[Task goal]
Extract, exactly as written, each line from the start of the records below to the line containing "P6FH235360 : 1956, boîte", both ends included; drop the pictures.

[Given records]
━━━

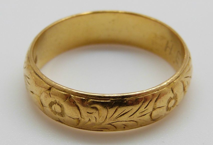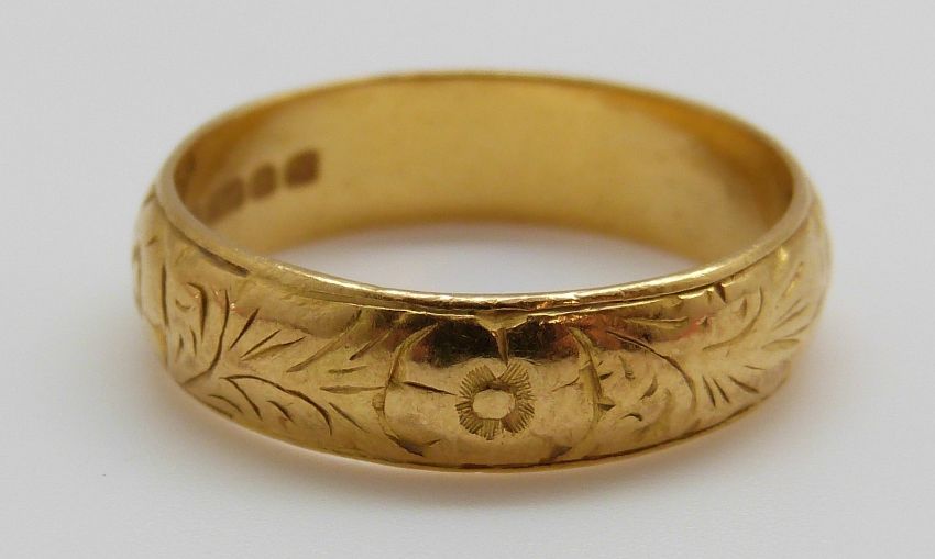 A 22ct gold wedding band with chased decoration, 6.6g (size P/Q)
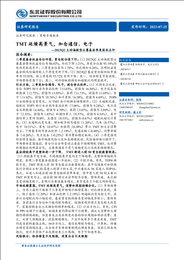 【东北证券】【20230725】2023Q2主动偏股型公募基金季度报告点评:TMT延续高景气,加仓通信、电子-22页
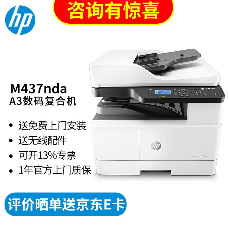 惠普(HP) a3打印机 437n a3a4黑白激光复印机扫描机一体机 办公商用 437nda【咨询-送无线配件和数据线(单独寄)】价格:7099.00元!
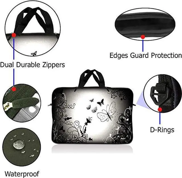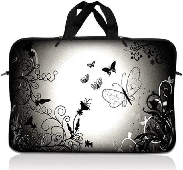 LSS 10.2 inch Laptop Sleeve Bag Carrying Case Pouch with Handle for 8" 8.9" 9" 10" 10.2" Apple Macbook, GW, Acer, Asus, Dell, Hp, Sony, Toshiba, Dark Contrast Fade Butterfly
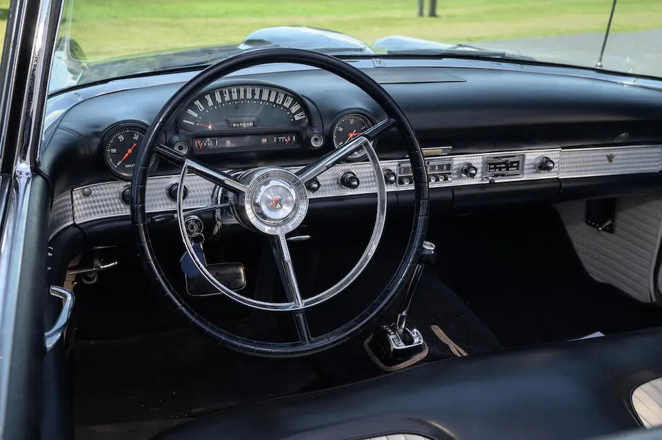 P6FH235360 : 1956, boîte de vitesses automatique, Colonial White, vinyle noir/blanc.
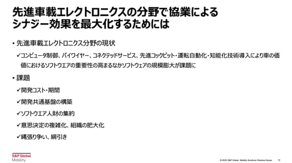 続いて、SDV(ソフトウェア・ディファインド・ビークル)の観点から、両社の協業についての課題を解説します。SDVは、資本や人材不足の観点から常に協業を検討できる分野として位置付けられています。
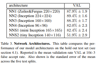FaceNet의 end-to-end training은 초기 설정을 간단하게 하고 성능을 향상시키는 수작업과 같은 손실을 최적화하는 것을 직접적으로 보여준다.
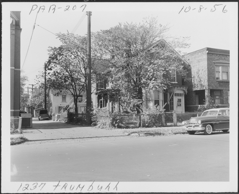 Front and side view of two-story brick Italianate house with bay window located at 1237 Trumbull, parcel 207, in Corktown. House is adjacent to alley; chain link fence surrounds front yard; house is partially obscured by trees. Handwritten on front: "Par. 207, 1237 Trumbull, 10-8-56."
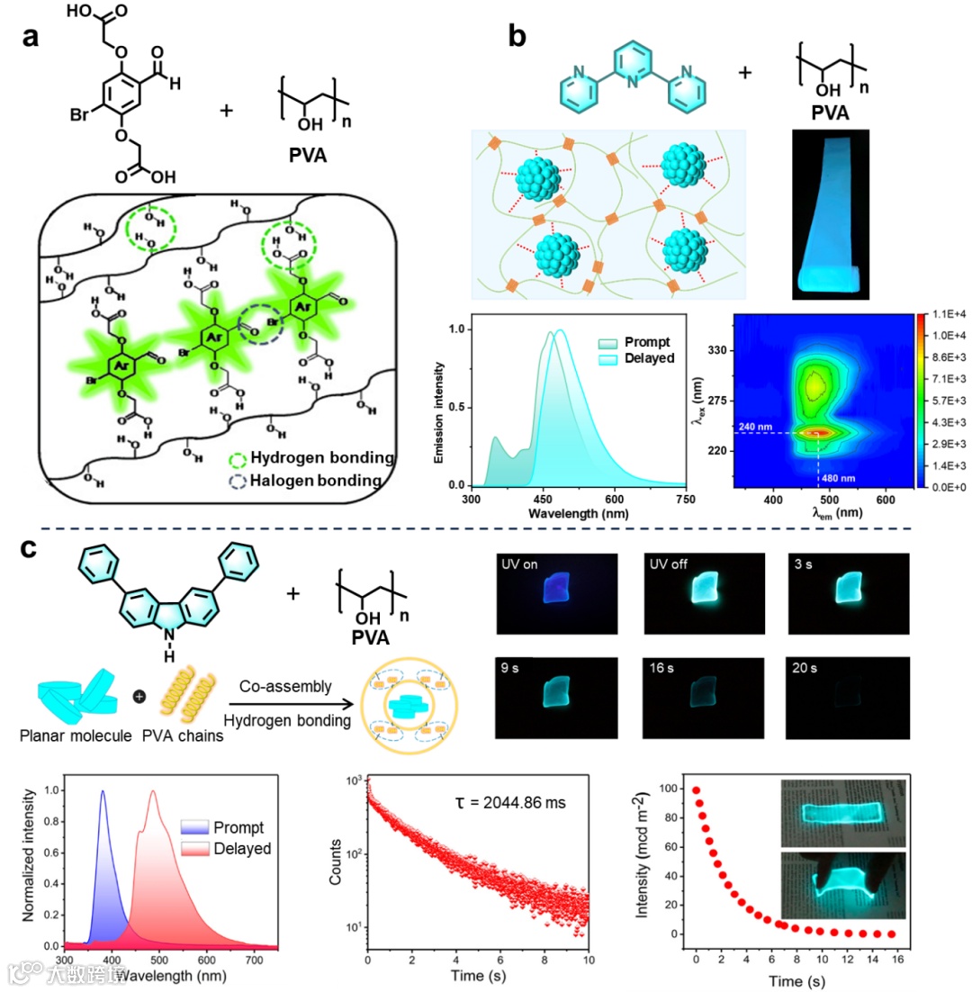 图3:利用超分子动态相互作用构建紧密有序的RTP发光体系。
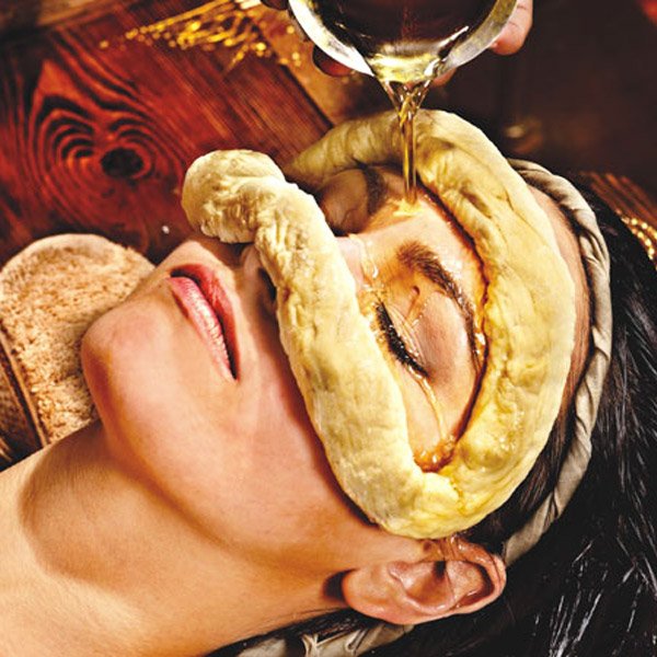 A paste made of various herbs with buttermilk is applied all over the head. The healing properties of the herbs calm down the nervous system and rejuvenate you. This treatment is indicated for insomnia, headache, hair loss and graying, dandruff, stress relief and certain mental ailments
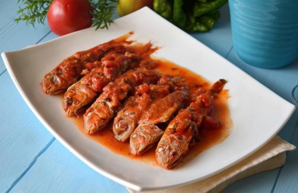 Ingredienti: 6 etti di triglie; mezzo bicchiere d’olio extra vergine di oliva; mezzo mazzo di prezzemolo; un mazzetto di foglie di finocchietto selvatico; 2 cipolline novelle; uno spicchio di aglio; due pomodori maturi; un pizzico di pepe; due pizzichi di sale.
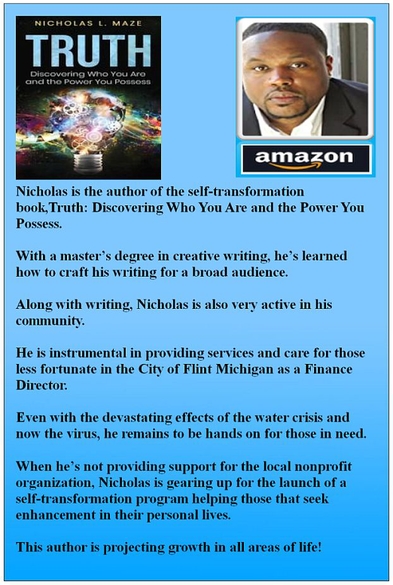 "TRUTH Discovering Who You Are and The Power You Possess" by Nicholas L. Maze All of us face experiences in life that may lead to challenges and create false truths. Before you know it, you are trapped inside of a world that you never wanted for yourself with no signs of how to escape. Believing that you are on a dead end street, which is yet another false truth. Nicholas Maze shows how to destroy those false truths in your life by teaching who you really are and the ultimate power that you possess. In the process, it is his goal that you obtain every desire you've ever wanted in your life. This could be a career, financial stability, and even relationships. With the knowledge you receive from TRUTH, all of this is obtainable. This latest work from Nicholas is focused on self-empowerment and the knowledge of one's self, where all growth and success awaits. #
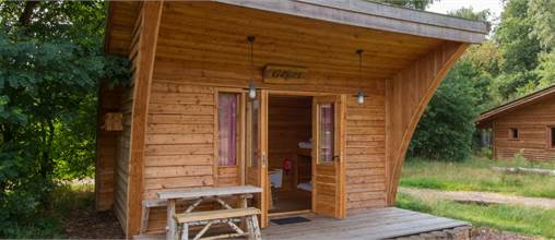 Praktisch eingerichtete, ebenerdige Blockhütte für 4 Personen. Die Unterkunft bietet einen gemeinsamen Schlaf- und Wohnbereich. Beim Eintreten finden Sie links und rechts ein Etagenbett mit Bettwäsche für jeweils eine Person. In der Mitte des Raumes befindet sich der Essbereich. Bitte nutzen Sie die sanitären Einrichtungen im allgemeinen Sanitärgebäude. Die Blockhütte verfügt über einen Wasser- und Abwasseranschluss. Im Außenbereich finden Sie eine überdachte Veranda mit robusten Gartenmöbeln. Es gibt eine Parkmöglichkeit in der Nähe der Hütte und die Nutzung von WiFi ist gratis. Haustiere sind hier nicht gestattet.

━━━

[Answer for the task]
 A 22ct gold wedding band with chased decoration, 6.6g (size P/Q)
 【东北证券】【20230725】2023Q2主动偏股型公募基金季度报告点评:TMT延续高景气,加仓通信、电子-22页
 惠普(HP) a3打印机 437n a3a4黑白激光复印机扫描机一体机 办公商用 437nda【咨询-送无线配件和数据线(单独寄)】价格:7099.00元!
 LSS 10.2 inch Laptop Sleeve Bag Carrying Case Pouch with Handle for 8" 8.9" 9" 10" 10.2" Apple Macbook, GW, Acer, Asus, Dell, Hp, Sony, Toshiba, Dark Contrast Fade Butterfly
 P6FH235360 : 1956, boîte de vitesses automatique, Colonial White, vinyle noir/blanc.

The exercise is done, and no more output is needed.